Benchmarking different approaches to convert surface solar irradiance into PV power production : a case study with an operational forecast system for a roof-top PV farm

Photovoltaic production of a given solar power plant is mainly correlated with solar irradiance reaching the solar panel and to a lesser extent with air temperature and wind speed. Therefore, available energy in a building with roof-top photovoltaic (PV) panels in self-consumption can be highly variable due to cloud cover stochastic behaviour. Accurate irradiance forecast within the next hours are useful to help the energy management system of the building to cope with this variability and thus to maximize the consumption of the locally generated electricity at the expense of grid energy, then reducing financial and environmental costs of the overall building energy consumption.

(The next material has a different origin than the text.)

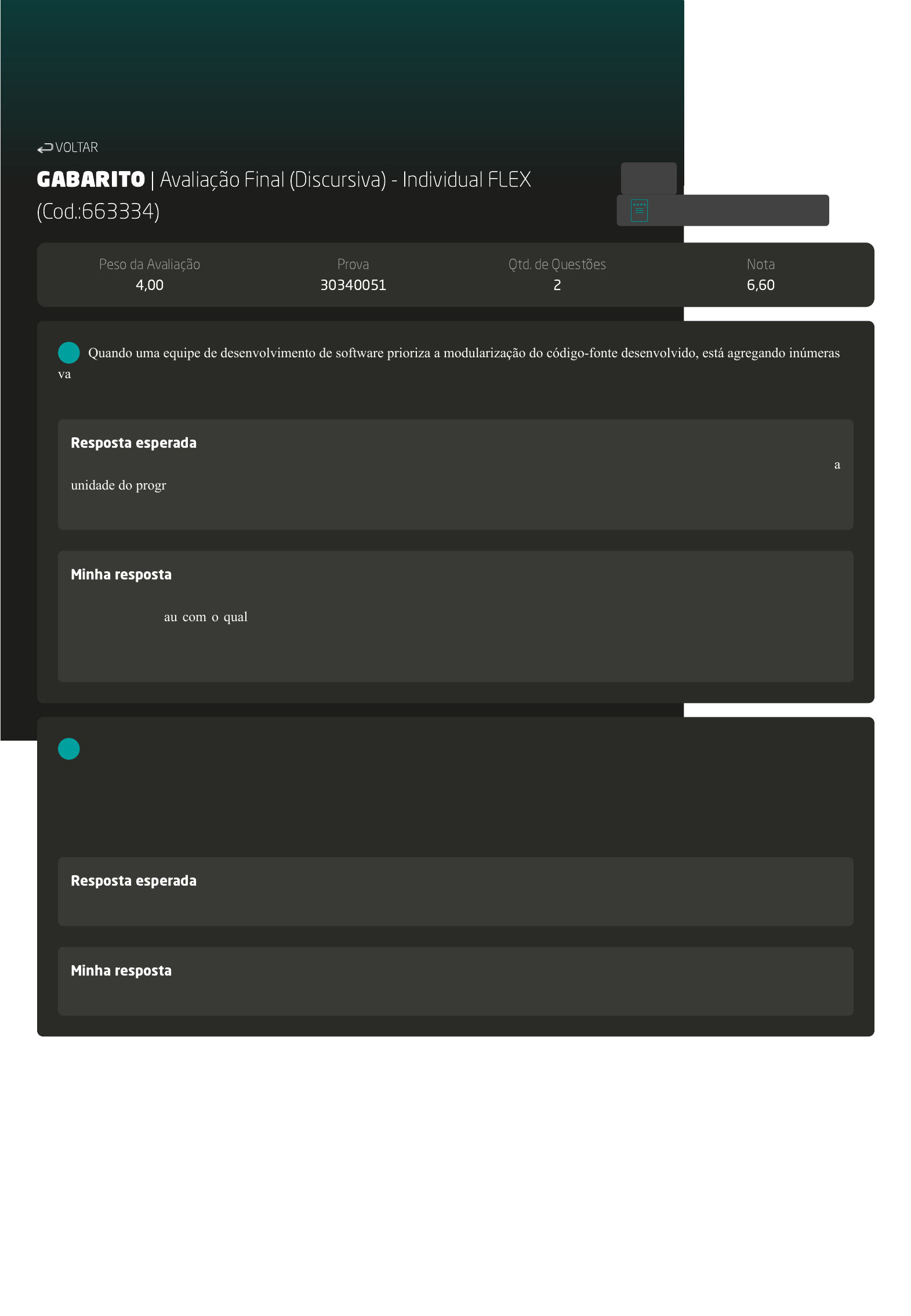 GABARITO | Avaliação Final (Discursiva) - Individual FLEX (Cod.:663334) Peso da Avaliação 4,00 Prova 30340051 Qtd. de Questões 2 Nota 6,60 Quando uma equipe de desenvolvimento de software prioriza a modularização do código-fonte desenvolvido, está agregando inúmeras vantagens. O código-fonte, quando coeso, apresenta baixo grau de acoplamento, enquanto um código-fonte com alto grau de acoplamento possui sua coesão condenada. Disserte sobre coesão e acoplamento. Resposta esperada A coesão é o grau de direcionamento de uma parte do programa para um objetivo. Já o acoplamento é o grau de conhecimento sobre uma unidade do programa para poder utilizá-la. Quando um código é coeso, ele apresenta baixo grau de acoplamento, logo, quando um código possui alto grau de acoplamento, possui a coesão condenada. Minha resposta Ambos dizem respeito a módulos de um sistema, apesar de que normalmente são conceitos associados a classes em orientação a objetos. A coesão é o grau com o qual um módulo tem uma responsabilidade única e bem definida. O acoplamento é o grau com o qual um módulo depende de outros módulos para seu funcionamento. O ideal, para que um sistema seja flexível e compreensível, são módulos com alta coesão e baixo acoplamento. A Linguagem de Marcação de Hipertexto (HTML) utiliza tags para estruturar o conteúdo que deve ser apresentado pelo navegador. Alguns exemplos são as tags de âncora, de imagens e de parágrafos. As tags podem receber características específicas por meio de atributos, assim personalizar e tornar duas tags de parágrafo diferentes, mesmo sendo o mesmo tipo de tag. Sobre HTML: escreva um documento Hello Word por meio de um HTML padrão; no Body deste HTML imprima um Parágrafo utilizando PHP; e no Head do HTML adicione uma regra para alinhar o texto do parágrafo à esquerda. Resposta esperada Hello World Hello World!"; ?> Minha resposta Hello World Hello World!"; ?> VOLTAR A+ Alterar modo de visualização 1 2

Any solar energy forecast solution presents several sources of uncertainty at each main steps of the process: cloud forecast, radiative transfer of cloud and aerosols, irradiance conversion into power. Reducing the uncertainty of PV power modelled from irradiance forecast is a specific issue because it depends on certain conditions of the forecast application. PV performance models convert irradiance into PV power if PV cells characteristics are known and correctly specified by manufacturer, which is not always the case. Moreover, unexpected shadowing, panel surface soiling or aging of materials cannot be easily taken into account. If a consistent historical record of PV power data is available, a model output statistics (MOS) helps to decrease these induced uncertainties. If only real-time data are available, adaptive calibration using Kalman filter can improve the accuracy. If both historical and real-time data access are available, various machine learning approaches can set up more accurate MOS.

The start-up incubator of Institut Polytechnique de Paris is a building equipped with a roof-top PV farm with a total capacity of 17 kWp, made up with 53 using 8 different technologies with several tilted angle and some panels are equipped with reflectors. Minute PV power data have been continuously recorded from July 2020 onwards, collocated with the irradiance measurements of the Palaiseau BSRN station. This exceptional testbed enabled us to benchmark the several approaches for PV power modelling. We implement reference algorithms (linear regression, Kalman filter and autoregression) simulating respectively the availability data conditions (historical, real-time, both) and compared them with more complex machine-learning approaches. Results according to data availability, season, solar zenith angle, air temperature and irradiance variability are discussed. One of the outcome is that availability of real-time power measurements improves significantly forecasting results in most weather situations.